AUTHORS' CONCLUSIONS: There are few relevant trials and, presently, there is little conclusive evidence regarding the effects of antipsychotic medication for those with early onset schizophrenia. Some benefits were identified in using the atypical antipsychotic clozapine compared with haloperidol but the benefits were offset by an increased risk of serious adverse effects. Larger, more robust, trials are required.

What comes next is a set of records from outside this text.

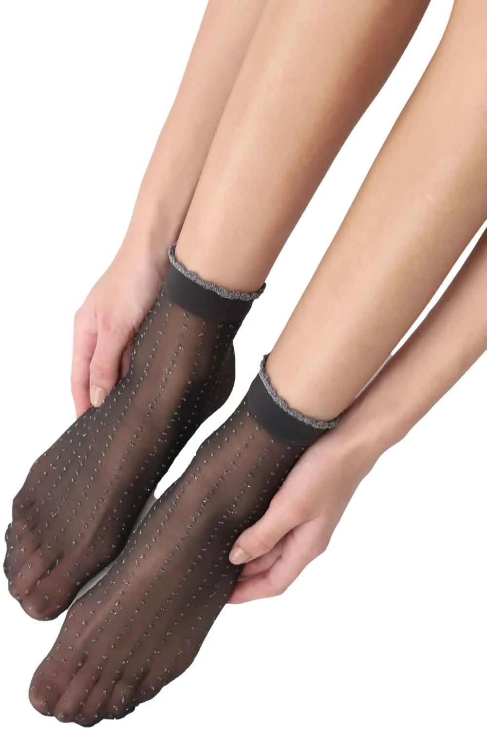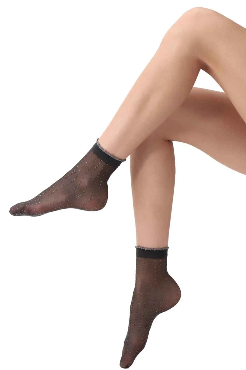 Sheer polka-dot lamé sock and cuff with shiny caps. Lots of stunning details, masterfully combined to create a classy accessory. These socks will look perfect worn with heels this party season.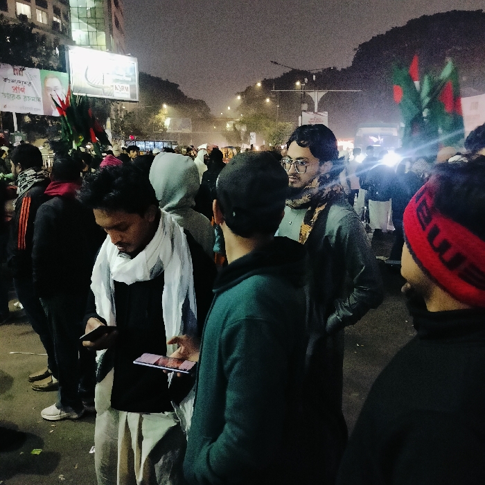 - "An urban street scene at night in Dhaka, Bangladesh, depicts a dense crowd of predominantly young men gathered, indicative of a public event or political rally" by FM-rkNqI2, licensed under CC BY 4.0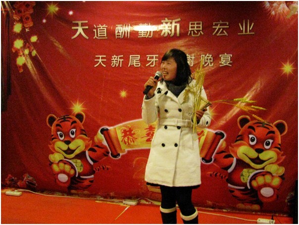 晚上7点,答谢晚宴正式开始,薛总对大家过去一年的辛苦努力表示由衷的感激,是天新人用智慧和勤劳浇开了公司强盛之花!是天新人用青春和汗水谱写了一曲曲动人心魄的创业者之歌。

儿童期起病的精神分裂症是指发病于13岁之前的精神分裂症。尽管这种情况很罕见,但早年患精神分裂症的人似乎患有临床症状严重的疾病,长期预后较差。抗精神病药物是治疗这种罕见但严重的精神疾病的一种方法。
研究抗精神病药物治疗儿童期起病的精神分裂症的效果。
我们检索了Cochrane精神分裂症研究组试验注册库(2006年11月和2007年2月),查阅了所有已识别研究的参考文献以寻找更多试验,并联系了相关制药公司和试验作者以获取更多信息。
我们纳入了所有涉及诊断为儿童期起病精神分裂症(即13岁之前诊断为精神分裂症)的儿童和青少年的随机临床试验,比较任何抗精神病药物与另一种抗精神病药物或安慰剂。
我们从试验中可靠地选择、评估质量并提取数据。如果任何组中超过50%的参与者失访,我们将排除该数据。对于同质的二分数据,我们基于意向性分析计算随机效应、相对风险(RR)及其95%置信区间(CI),并在适当情况下计算治疗所需人数(NNT)。对于正态连续数据,我们计算加权均数差(WMD)。
从总共2062条引用文献中,我们识别出6项相关试验。我们将试验分为三组比较:非典型药物与典型药物、非典型药物与非典型药物、典型药物与典型药物。唯一发现治疗组之间存在差异的比较是非典型药物与典型药物。一项研究的一些结果表明,在治疗难治性儿童期起病精神分裂症方面,非典型抗精神病药物氯氮平优于氟哌啶醇(n = 21,WMD 临床总体印象量表17.00,CI 7.74至26.26;n = 21,WMD 邦尼 - 汉堡精神病评定量表 -3.60,CI -6.64至 -0.56)。然而,服用氯氮平的参与者出现嗜睡的可能性是服用氟哌啶醇参与者的三倍(1项随机对照试验,n = 21,RR 3.30,CI 1.23至8.85,NNH 2,CI 2至17),并且接受氯氮平治疗的儿童中有一半出现中性粒细胞减少(1项随机对照试验,n = 21,RR 12,CI 0.75至192.86)。
相关试验较少,目前几乎没有确凿证据表明抗精神病药物对早发性精神分裂症患者的疗效。与氟哌啶醇相比,使用非典型抗精神病药物氯氮平有一些益处,但这些益处被严重不良反应风险增加所抵消。需要进行更大规模、更有力的试验。